• Exercise prompt:
List each line of the data that holds the string "autobusa", please.

• Data shown:
================
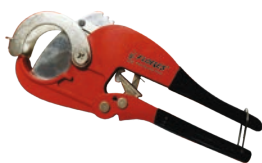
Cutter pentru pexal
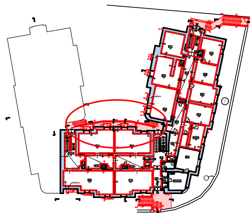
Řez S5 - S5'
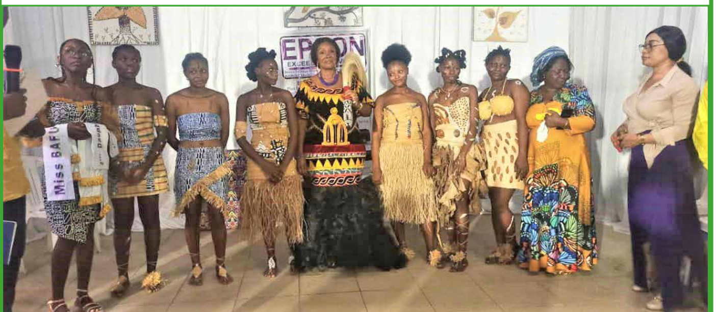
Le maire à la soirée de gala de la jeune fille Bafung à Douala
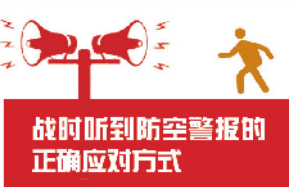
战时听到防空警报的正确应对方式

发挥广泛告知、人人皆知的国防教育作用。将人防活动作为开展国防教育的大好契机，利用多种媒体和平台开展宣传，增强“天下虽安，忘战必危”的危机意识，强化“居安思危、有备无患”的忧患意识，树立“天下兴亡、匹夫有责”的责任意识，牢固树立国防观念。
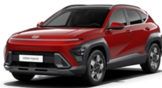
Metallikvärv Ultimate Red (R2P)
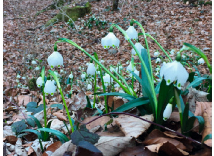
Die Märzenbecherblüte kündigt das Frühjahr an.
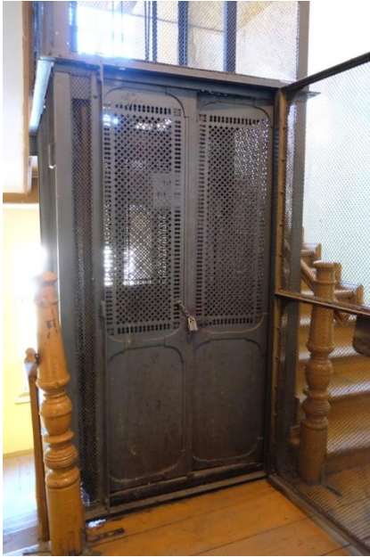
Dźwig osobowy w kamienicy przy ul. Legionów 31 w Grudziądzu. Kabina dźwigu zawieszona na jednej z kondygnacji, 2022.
================
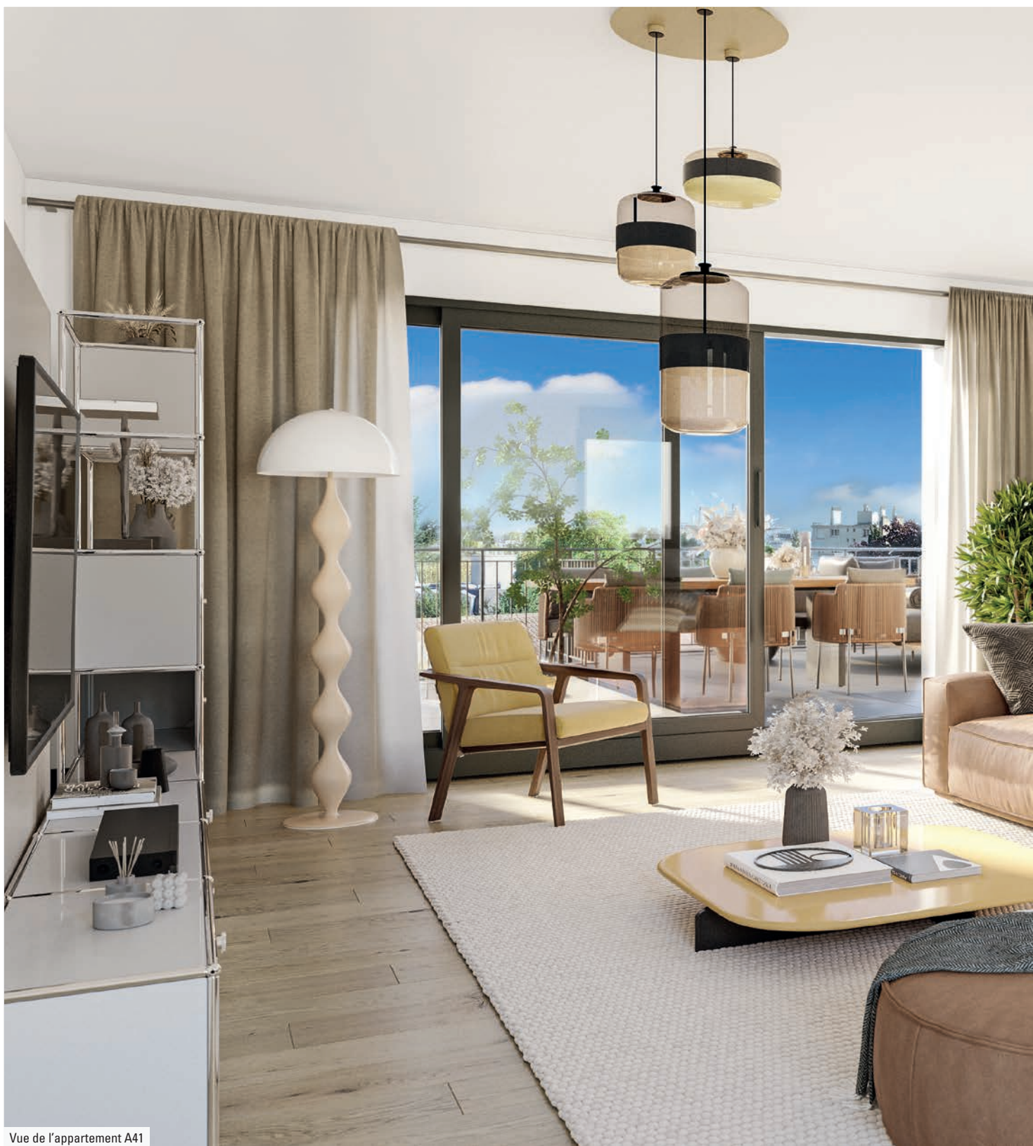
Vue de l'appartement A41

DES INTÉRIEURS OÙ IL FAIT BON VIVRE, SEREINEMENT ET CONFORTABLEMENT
================
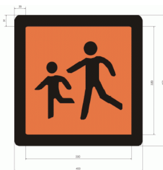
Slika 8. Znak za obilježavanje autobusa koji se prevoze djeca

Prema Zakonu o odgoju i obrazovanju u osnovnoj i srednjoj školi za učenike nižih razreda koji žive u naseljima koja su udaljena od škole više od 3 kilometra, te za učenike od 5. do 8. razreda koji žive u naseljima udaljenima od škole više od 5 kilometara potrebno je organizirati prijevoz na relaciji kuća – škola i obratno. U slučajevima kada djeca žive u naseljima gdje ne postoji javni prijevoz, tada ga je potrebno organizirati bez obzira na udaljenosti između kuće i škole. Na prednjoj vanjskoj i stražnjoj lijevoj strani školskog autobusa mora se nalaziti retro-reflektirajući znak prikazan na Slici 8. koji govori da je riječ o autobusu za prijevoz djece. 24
================
• Answer to the problem:
Slika 8. Znak za obilježavanje autobusa koji se prevoze djeca
Prema Zakonu o odgoju i obrazovanju u osnovnoj i srednjoj školi za učenike nižih razreda koji žive u naseljima koja su udaljena od škole više od 3 kilometra, te za učenike od 5. do 8. razreda koji žive u naseljima udaljenima od škole više od 5 kilometara potrebno je organizirati prijevoz na relaciji kuća – škola i obratno. U slučajevima kada djeca žive u naseljima gdje ne postoji javni prijevoz, tada ga je potrebno organizirati bez obzira na udaljenosti između kuće i škole. Na prednjoj vanjskoj i stražnjoj lijevoj strani školskog autobusa mora se nalaziti retro-reflektirajući znak prikazan na Slici 8. koji govori da je riječ o autobusu za prijevoz djece. 24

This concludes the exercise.